In-scope (LOCKED 2026-05-04 for iteration 2)

  • Buffer-pool refactor in libva-v4l2-request src/surface.c and src/picture.c: decouple CAPTURE buffer pool from surface count. Track per-buffer free/exported/in-decode state.
  • WSI alignment in src/surface.c::ExportSurfaceHandle: round up reported pitch to 64-byte alignment OR set explicit modifier so Mesa's WSI accepts.
  • Multi-resolution kernel-state recovery: detect format-state mismatch on the kernel side (e.g., G_FMT returns 48×48 when we expect 1920×1088) and force REQBUFS(0)+S_FMT recovery.
  • Iteration 2 Phase 5 second-model review (Sonnet) before any implementation lands.
  • Iteration 2 Phase 7 verification across the same 4-consumer matrix as iteration 1, plus a multi-video Firefox session, plus a long-playing mpv vaapi (no -copy) run.

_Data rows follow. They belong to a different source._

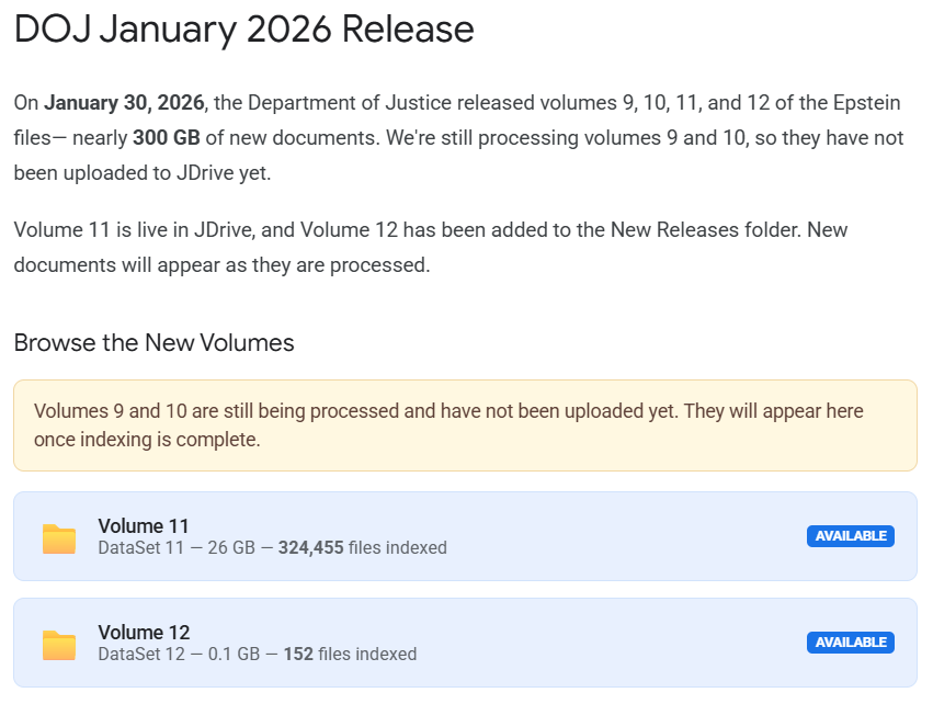 Öte yandan platformda yer alan bilgilere göre, 30 Ocak 2026'ta Adalet Bakanlığı tarafından yayımlanan 9–12'nci ciltler (yaklaşık 300 GB veri) halen indekslenme aşamasında ve 'Jmail' sistemine yükleniyor.
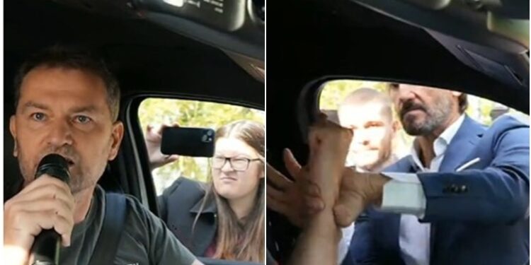 Kalinak shkoi te makina dhe trokiti në xhamin e shoferit. Më pas Matoviq hapi derën dhe Kalinak u përkul dhe u përpoq t’i rrëmbejë mikrofonin, ndërsa Matoviq u përpoq ta largonte dhe e shau duke e quajtur mafioz.
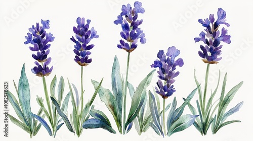 Simple lavender flower clipart with a single stem and soft purple blooms, on a white background. Gentle and calming.
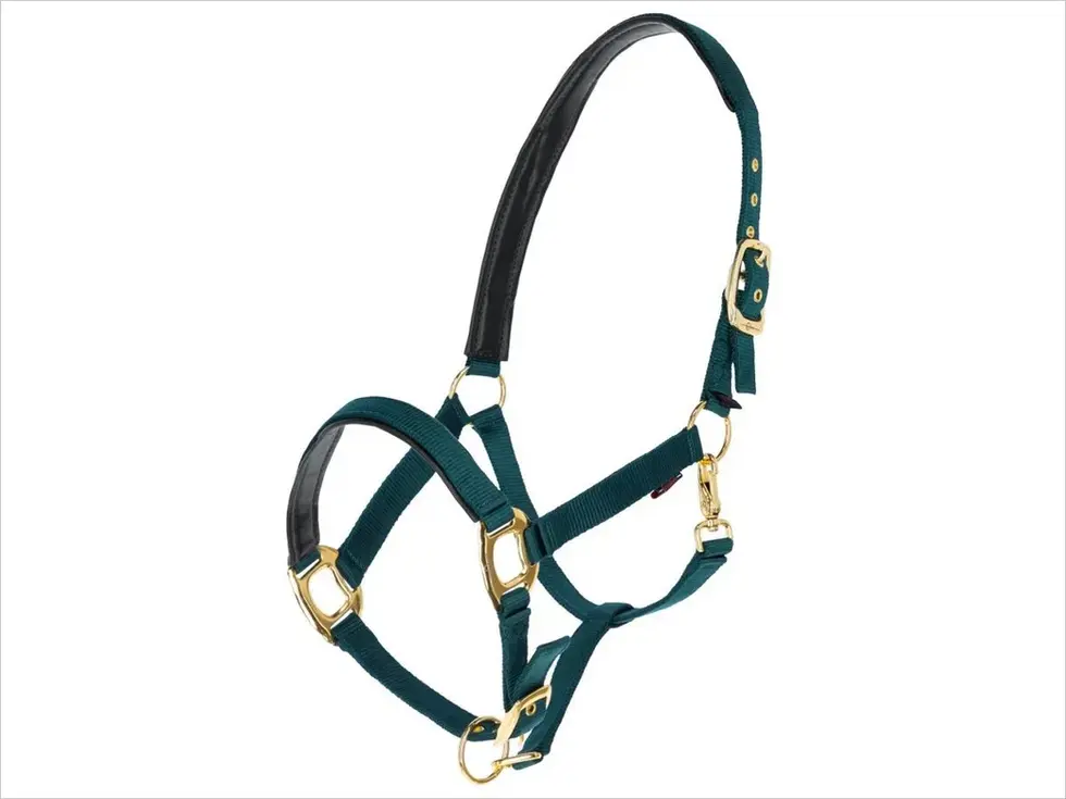 Têtière et muserolle réglables grâce à une boucle ardillon, montants et sous gorge de qualité, en matériau résistant à l'usure, avec coutures solides, Montants et muserolle à triple couture, bouclerie esthétique et résistante, ouverture et fermeture pratique du licol par mousqueton

Out-of-scope (LOCKED 2026-05-04 for iteration 2)

  • New codecs (MPEG-2, VP8, VP9, AV1, HEVC) — iteration 1's H.264-only scope holds.
  • New hardware (fresnel RK3399, ampere/boltzmann RK3588) — separate iteration after ohm path is stable.
  • Performance metrics binding cells — explicitly deferred to iteration 3 (perf comparison: SW vs HW).
  • Bootlin upstreaming — feedback_no_upstream.md holds; no PRs unless explicitly tasked.
  • Cleanup of DEBUG instrumentation patches — Sonnet's Phase 5 review said "wait until iteration 1 + 2 work is complete." Iteration 2 keeps the debug for diagnosis; iteration 3 sweeps.
  • Multi-process / multi-context libva use (e.g., Firefox running while mpv runs) — defer until basic single-context lifecycle is solid.

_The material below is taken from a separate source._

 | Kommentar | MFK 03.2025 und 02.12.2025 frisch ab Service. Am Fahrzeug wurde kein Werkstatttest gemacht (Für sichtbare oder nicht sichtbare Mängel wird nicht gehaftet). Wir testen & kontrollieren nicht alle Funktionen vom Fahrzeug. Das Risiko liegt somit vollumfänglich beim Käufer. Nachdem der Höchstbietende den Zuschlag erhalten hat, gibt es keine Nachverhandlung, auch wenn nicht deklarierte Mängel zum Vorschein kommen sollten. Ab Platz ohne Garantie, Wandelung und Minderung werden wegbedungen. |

Phase 1 success criterion (will lock when Phase 0 completes)

Pre-lock draft:

  • mpv --hwdec=vaapi --vo=gpu plays bbb_1080p30 for ≥60s without operator-visible stutter or "back and forth" (binding cell: operator inspection)
  • Drop count < 100 in 60s (rig-normalized; iteration 1 saw 29 drops in 12s = 145/min = within bound at 60s)
  • Firefox 150 sustained engagement on mozilla.org main page (multi-resolution video sequence)
  • vainfo + mpv vaapi-copy + chromium-fourier 149 → no regression

What Phase 0 will deliver (regardless of detail)

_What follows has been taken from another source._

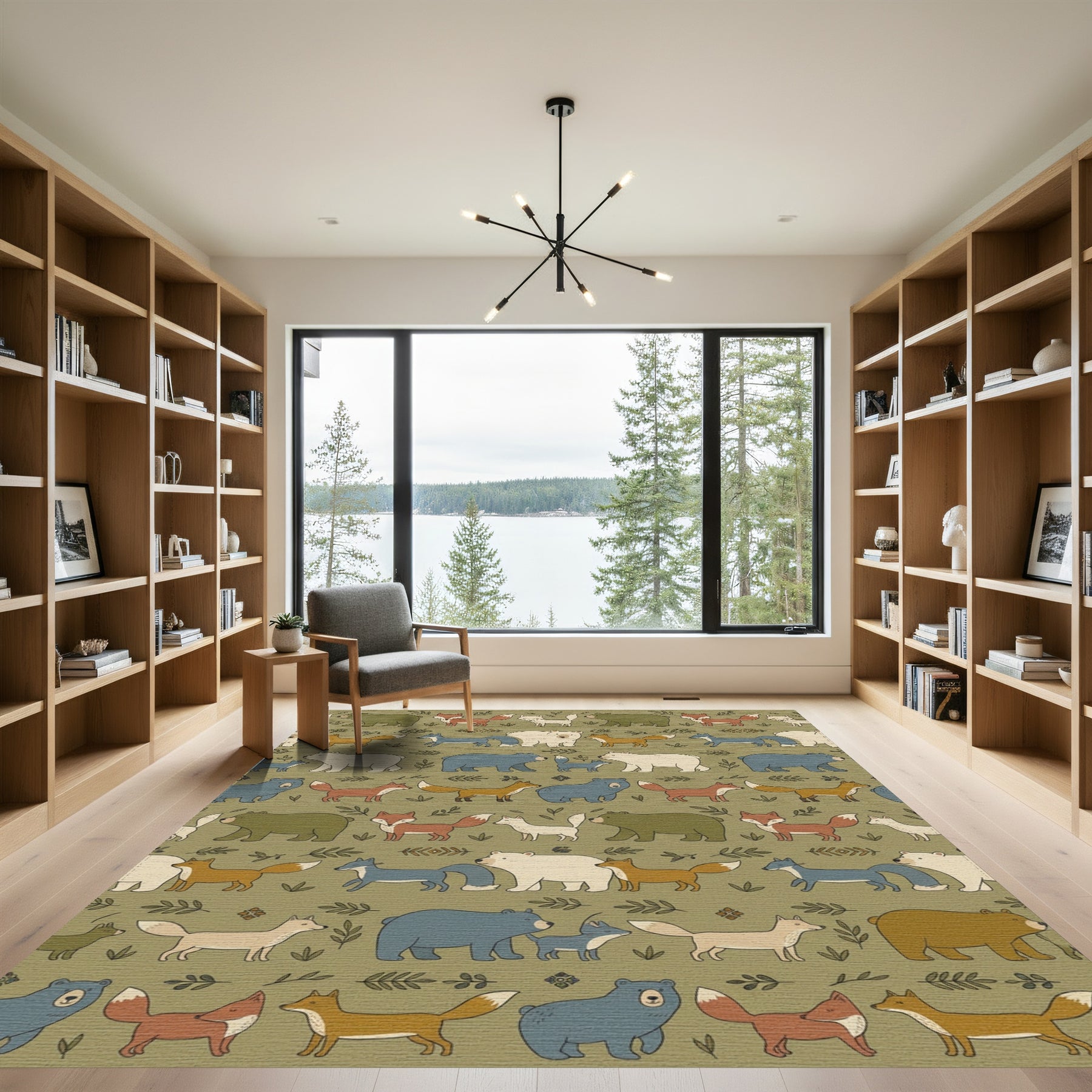 Flatwoven High Traffic Area Rug, Woodland Animals Bear Fox Forest Friends Rug, Non Slip, Stain Resistant, Washable Area Rugs for Living Room, Bedroom Overview:

  1. In-session baseline capture of the current stutter behavior (the Phase 3 anchor for iteration 2). Specifically: visual confirmation, drop rate, strace-side QBUF re-queue timing.
  2. Code-side situation analysis: read libva-v4l2-request's surface/buffer lifecycle and identify the specific touch points for the buffer-pool refactor. Map to FFmpeg hwcontext_v4l2request and GStreamer v4l2codecs reference patterns.
  3. WSI alignment investigation: confirm Mesa's actual alignment requirement (try 64, 128, 256), confirm hantro's actual buffer alignment (read kernel hantro_drv.c). Find the right reported pitch.
  4. Iteration 2 worklist with binding cells.